Es ist nichts Schlimmes, unter Freunden und unter Partnern schwierige Dinge anzusprechen – im Gegenteil. In einer guten Partnerschaft – die transatlantische Partnerschaft ist eine Partnerschaft, die sich in vielen Jahrzehnten und auch schon in schwierigen Situationen bewährt hat, zu der wir auch stehen – muss es möglich sein, in aller Offenheit die Fragen zu klären, die sich jetzt stellen. Dazu braucht es Mut und Willen, und bei der Bundesregierung fehlt beides.

(Beifall von den GRÜNEN und den PIRATEN)

Ich möchte auf einen weiteren Aspekt eingehen, auf das Grundrecht der informationellen Selbstbestimmung. Das ist auch im ursprünglich zugrundeliegenden Antrag angesprochen. Das Grundrecht der informationellen Selbstbestimmung ergibt sich nach Rechtsprechung des Bundesverfassungsgerichts aus dem allgemeinen Persönlichkeitsrecht – Art. 2 Abs. 1 Grundgesetz in Verbindung mit Art. 1 Abs. 1 GG. Zusätzlich haben wir Regelungen in der Europäischen Menschenrechtskonvention.

Ich will auch erwähnen, dass diese Rechte nicht irgendwo herkommen, sondern sie kommen daher, dass es Menschen gab, die sie eingefordert haben. Ich finde, wir hier in Deutschland mit dem hohen Datenschutzbewusstsein – das gilt auch in vielen anderen Staaten Europas – können tatsächlich stolz auf das sein, was in den letzten 30, 40 Jahren erreicht wurde. Ich bin auch stolz darauf, dass meine Partei – Stichwort „Volkszählungsproteste“; viele von Ihnen werden sich daran erinnern – intensiv daran beteiligt war.

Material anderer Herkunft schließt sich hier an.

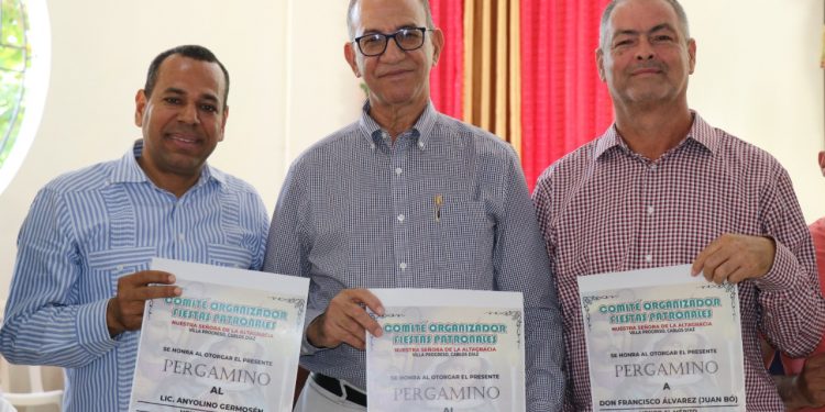 El reconocimiento fue entregado por el presidente de la Junta de Vecinos, Francisco Vásquez y la secretaria Wendy Vásquez en el marco de la conclusión de las fiestas patronales, en la que también fueron galardonados el alcalde Tamboril Anyolino Germosén y Francisco Alvárez (Juan Bo), ex alcalde de ese municipio, entre otros.

Ich glaube, das, was großes Befremden in der Bevölkerung ausgelöst hat, war die Tatsache, dass alles das, was wir hier an Überwachungsaktionen im Rahmen von Prism und Tempora erleben, von einem Geheimgericht, jeder demokratischen Öffentlichkeit entzogen, angeordnet worden ist. Und das geht einfach nicht.

Es gibt natürlich ein legitimes Sicherheitsinteresse für die Bürgerinnen und Bürger. Wenn dabei aber in Grundrechte eingegriffen wird, dann muss das – und das ist der springende Punkt – auf einer klaren gesetzlichen Grundlage geschehen. Und diese klare gesetzliche Grundlage ist die Garantie dafür, dass es ein parlamentarisches und ein öffentliches Verfahren gibt. Und das ist tatsächlich entscheidend.

Es darf nicht unverhältnismäßig sein, es darf keine anlasslose und uferlose Überwachung geben. Es darf nicht alles gespeichert, getauscht und weitergegeben werden. Der Grundsatz für Nachrichtendienste darf niemals lauten: Der Zweck heiligt die Mittel, der Zweck heiligt die Sammlung von Informationen.

Vizepräsident Eckhard Uhlenberg: Herr Kollege, Ihre Redezeit ist beendet.

Matthi Bolte (GRÜNE): Das alles muss angepackt werden. Ich hoffe, wir können heute ein starkes Signal dafür setzen. – Vielen Dank.